We applaud their marketing team for coming up with this “masterclass for happiness” campaign and wish them well as they collect contestants’ vital information and demand that they spread the word of the Finns on tiktok.
But is it necessary to go to Finland to experience happiness? Let’s examine whether winning this trip to Finland will actually raise your mood level to “maximum joy.”
First off, having all your travel expenses paid by the Finns definitely raises the spirits. So score “plus five” on the happiness scale.
But you still have to get there. Say you’re leaving from New York. Getting to the Kuru Resort will take approximately 13 1/2 hours. Plus packing, getting to the airport, going through customs, waiting around. Let’s say all told it’s 18 hours door to door. This scores a “minus three” in the happiness category.
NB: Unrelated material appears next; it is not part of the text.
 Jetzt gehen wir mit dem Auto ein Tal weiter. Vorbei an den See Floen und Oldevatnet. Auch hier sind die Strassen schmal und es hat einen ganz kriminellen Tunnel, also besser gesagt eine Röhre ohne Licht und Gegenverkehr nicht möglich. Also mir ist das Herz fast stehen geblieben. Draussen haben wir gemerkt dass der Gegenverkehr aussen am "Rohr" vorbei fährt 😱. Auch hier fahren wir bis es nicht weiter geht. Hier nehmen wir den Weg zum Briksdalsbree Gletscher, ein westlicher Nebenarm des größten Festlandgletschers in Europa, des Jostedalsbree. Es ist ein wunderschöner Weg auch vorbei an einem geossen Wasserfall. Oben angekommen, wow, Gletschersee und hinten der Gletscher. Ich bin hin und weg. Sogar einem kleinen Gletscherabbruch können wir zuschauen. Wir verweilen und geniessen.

What about the gasoline, jet fuel, and other climate irritants that are being used to propel your stiff body from one continent to another? Should these be counted against the Finns “close relationship with nature?” Score “minus three” there.
So you’ve arrived at the Kuru private resort. It looks pretty swank, assuming you like thread counts. So score “plus two.” But you’re a little jet-lagged from the trip and the time change and the changeover in Helsinki, so yo wander around in a daze, hoping to shake off the lethargy. “Minus one” for that.
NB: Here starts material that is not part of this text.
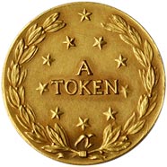 Rev. Circle of 9 stars around A / Token--all within open wreath tied at bottom with ribbon; another star in open space at top between wreath tips.

But now you’re going to spend four days listening to so-called “happiness experts” lecture you on things that will promote well-being. Like getting enough sleep, going for walks in the woods, eating well, and surrounding yourself with expensive luxury items. That seems like the Finnish version of a “Hilton Resort Excursion” where you get cheap accommodations in exchange for listening to a sales pitch on time shares. Thanks, but no thanks. “Minus three.”
There’s more to examine, but so far the Finns score a “minus three” on our happiness scale. But we acknowledge some people love to fly halfway around the world to shack up in a remote luxury hotel and listen to people with accents talk about pampering yourself for five days.
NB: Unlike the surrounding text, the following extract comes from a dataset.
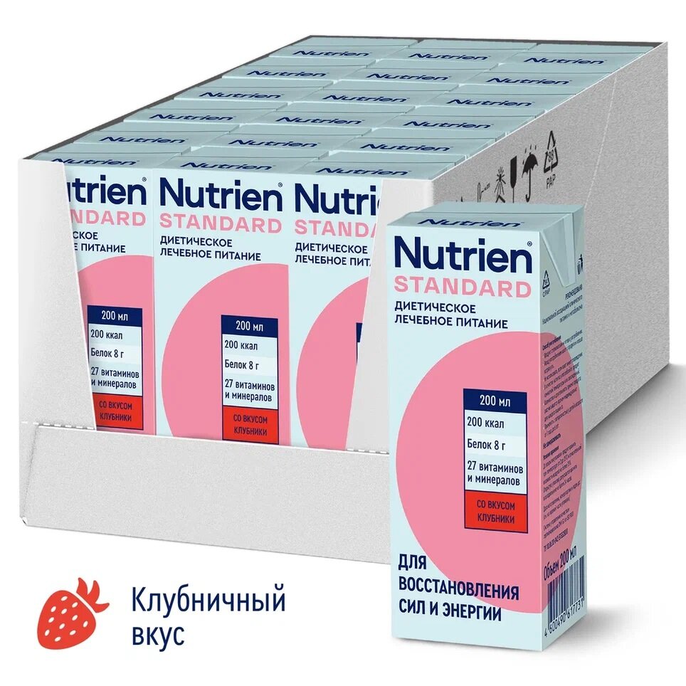 Nutrien Standard 200 мл со вкусом клубники готовое к употреблению жидкое энтеральное питание (для зондового и перорального использования), 18 шт информация:

The reality of Finland, like with any other dot on the map, is that there’s more to life than a luxury resort in the woods. Here’s a reminder of what it’s like to walk through Helsinki in January. And that’s why the Finnish have a saying, kalsarikännit, which translates as “pantsdrunk,” and refers to the practice of binge-drinking at home alone in your underpants. That won’t make the media campaign, but it does explain why they’re sending you to one of their luxury resorts in June.
As for us SuperOptimists, we will take the Finns four-point plan and institute it closer to home. We will spend the next five days walking through the woods with our dog, taking naps, eating well, wearing a fluffy bathrobe, and taking hot baths. We will also give ourselves lots of credit for doing all this without needing any instruction from the Finns.